Винтовка массой М = 3 кг подвешена горизонтально на двух параллельных нитях. При выстреле в

Problem Analysis

We have a rifle with a mass of M = 3 kg that is suspended horizontally by two parallel strings. When the rifle is fired, it recoils and moves upward by h = 20 cm. The mass of the bullet is m = 10 g. We need to determine the velocity v1 with which the bullet was ejected.

Solution

To solve this problem, we can use the principle of conservation of momentum. According to this principle, the total momentum before the shot is equal to the total momentum after the shot.

The total momentum before the shot is zero because the rifle is at rest. After the shot, the bullet is moving with velocity v1, and the rifle recoils in the opposite direction with velocity v2. The total momentum after the shot is given by the sum of the momenta of the bullet and the rifle.

Let's denote the velocity of the rifle after the shot as v2. Since the rifle and the bullet move in opposite directions, we can write:

m * v1 + M * v2 = 0 (Equation 1)

where: - m is the mass of the bullet (m = 10 g = 0.01 kg) - M is the mass of the rifle (M = 3 kg) - v1 is the velocity of the bullet - v2 is the velocity of the rifle

We also know that the rifle recoils upward by h = 20 cm = 0.2 m. This means that the displacement of the rifle is equal to the negative displacement of the bullet:

h = -d (Equation 2)

where d is the displacement of the bullet.

To relate the displacement of the bullet to its velocity, we can use the equation of motion for uniformly accelerated motion:

d = v1 * t - (1/2) * a * t^2 (Equation 3)

where: - t is the time taken by the bullet to reach its maximum height - a is the acceleration of the bullet

Since the bullet is fired vertically, its acceleration is equal to the acceleration due to gravity, which is approximately 9.8 m/s^2.

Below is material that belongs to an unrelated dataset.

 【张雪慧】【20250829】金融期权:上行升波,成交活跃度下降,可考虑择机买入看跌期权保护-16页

We can rearrange Equation 3 to solve for t:

t = (v1 - 0) / a (Equation 4)

Substituting Equation 4 into Equation 3, we get:

d = v1 * [(v1 - 0) / a] - (1/2) * a * [(v1 - 0) / a]^2 (Equation 5)

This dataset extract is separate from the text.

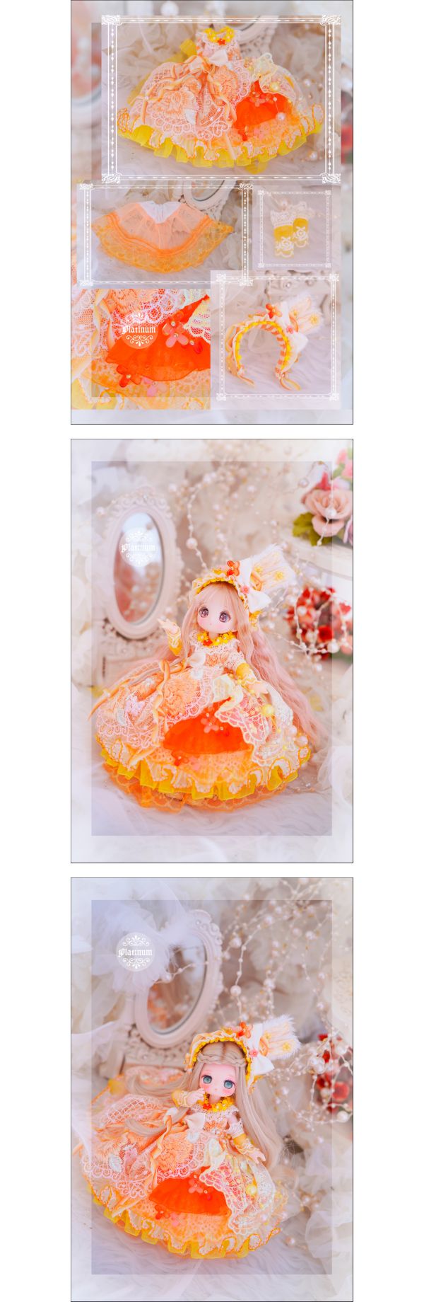ご覧いただきありがとうございます。 こちらは、オビツ11・ピコニーモPサイズのお洋服セットです。 モデルはオビツ11ボディ・OBヘッドと、ピコニーモPボディです。 一年に一度の金木犀のドレスです! オレンジベースの華やかなチュールとレモンイエロー&グリーンの爽やかなチュールを2種類重ね合わせ、各所に可愛らしい花びらを散りばめました。 良い香りがしてきそうな、元気の出そうなビタミンカラーのドレスをぜひお楽しみください。 お譲りするものは、以下のお品4点になります。 ・金木犀のドレス ・花びらとうさみみのカチューシャ ・パニエ ・アームカバー 家庭用ミシン・ロックミシン・手縫いにて作成いたしました。 リボン端などにはピケを使用しています。 ・スカート部分に何種類ものレースを使い華やかさを出しました。 後ろスナップボタン留め、全開します。 ウェストにはリボンやお花をあしらい、オレンジとイエローのグラデーションリボンを飾りました。 鮮やかなオレンジがレースの間からのぞき、そこにも小さなお花が咲いています。 ・カチューシャにはうさみみやお花、リボンがついています。 うさみみは少しだけサイドに傾けてつけています。 ・パニエはドレスの下に履き、スカートが綺麗に膨らむように形を整えてください。 ラメのはいったオレンジのレースが少し見えるようにはかせると可愛いです。 ・アームカバーはチュールです。 上部にフリルがついています。 ハンドパーツをはずしてから手首に通してあげてください。 | |||

Simplifying Equation 5, we have:

d = (v1^2) / (2 * a) (Equation 6)

Substituting Equation 2 into Equation 6, we get:

0.2 = (v1^2) / (2 * 9.8) (Equation 7)

Simplifying Equation 7, we have:

v1^2 = 0.2 * 2 * 9.8 (Equation 8)

Solving Equation 8 for v1, we get:

v1 = sqrt(0.2 * 2 * 9.8) (Equation 9)

Let's calculate the value of v1 using Equation 9:

v1 = sqrt(0.2 * 2 * 9.8) ≈ 2.8 m/s

Answer

The velocity with which the bullet was ejected is approximately 2.8 m/s.